═══ Material provided ═══

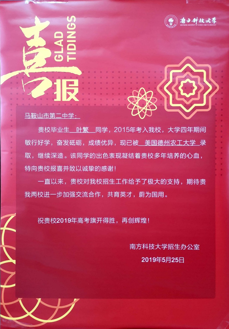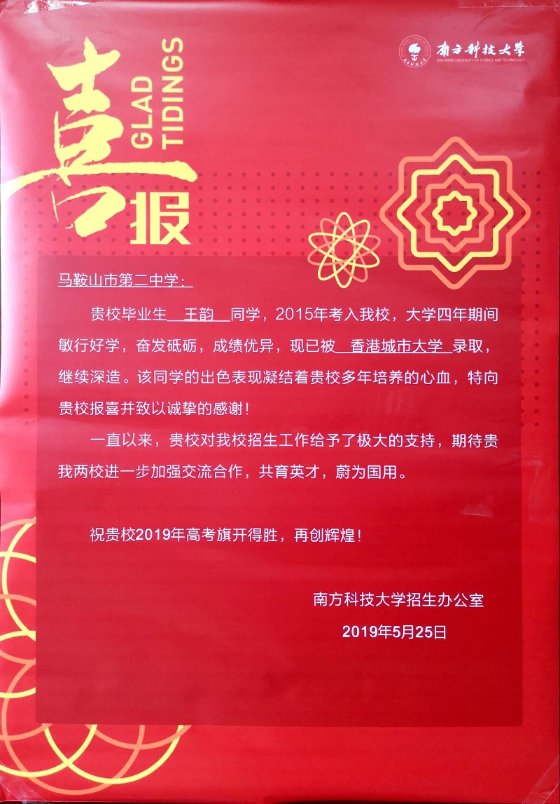 南方科技大學喜報
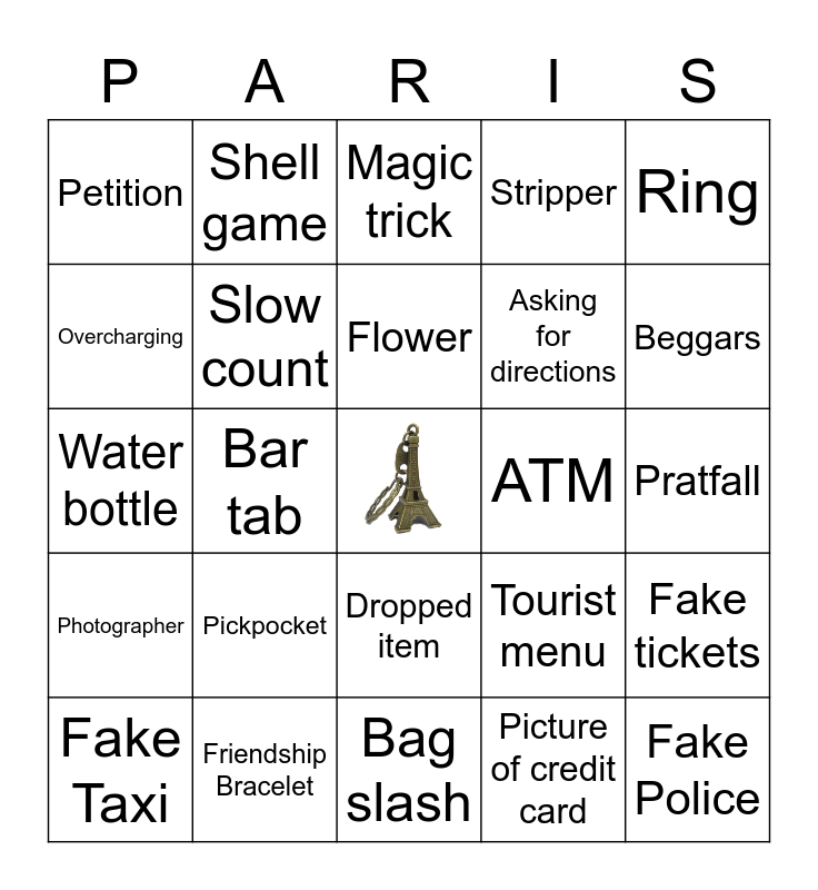 This bingo card has a free space and 24 words: Pickpocket, Friendship Bracelet, Flower, Fake Taxi, Ring, Petition, Overcharging, Shell game, ATM, Dropped item, Asking for directions, Water bottle, Tourist menu, Fake tickets, Slow count, Picture of credit card, Pratfall, Magic trick, Beggars, Bar tab, Fake Police, Photographer, Stripper and Bag slash.
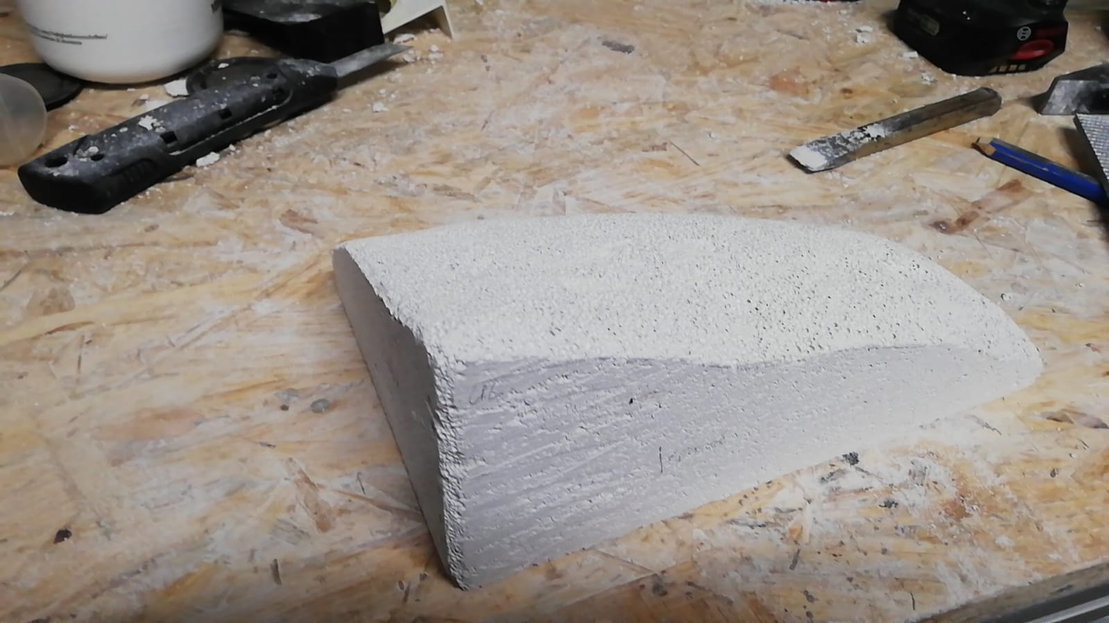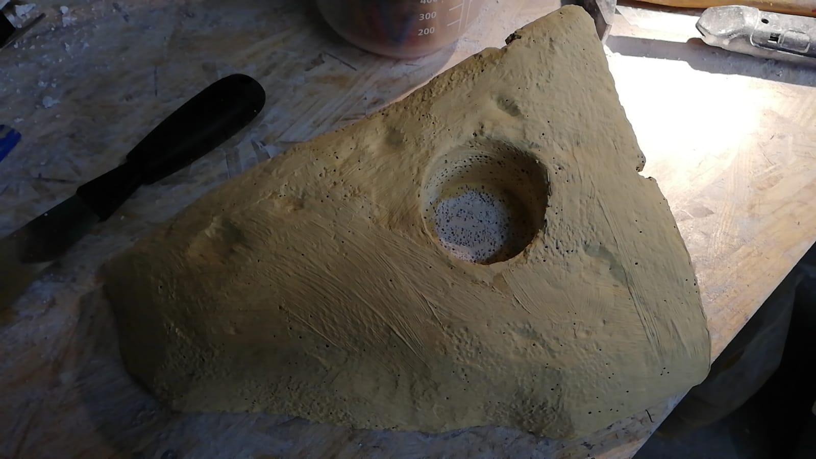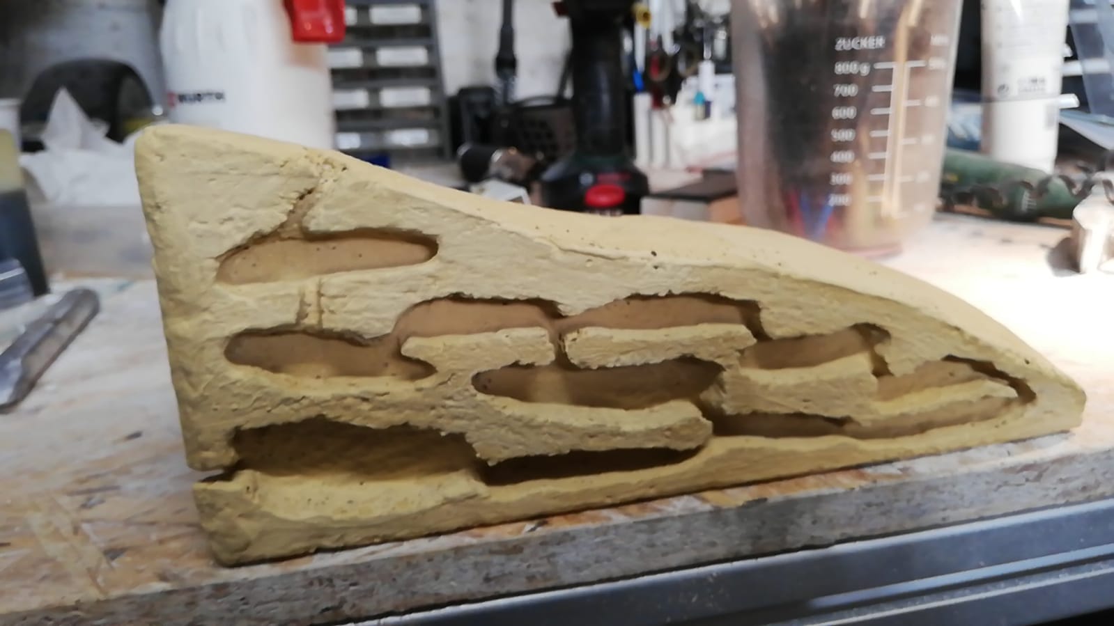 Das Ganze mit Hammer und Meißel sowie einer Raspelfeile in Form gebracht.

═══

What is expected: Provide a precise transcription of the listing, excluding each picture.

Written solution:
 南方科技大學喜報
 This bingo card has a free space and 24 words: Pickpocket, Friendship Bracelet, Flower, Fake Taxi, Ring, Petition, Overcharging, Shell game, ATM, Dropped item, Asking for directions, Water bottle, Tourist menu, Fake tickets, Slow count, Picture of credit card, Pratfall, Magic trick, Beggars, Bar tab, Fake Police, Photographer, Stripper and Bag slash.
 Das Ganze mit Hammer und Meißel sowie einer Raspelfeile in Form gebracht.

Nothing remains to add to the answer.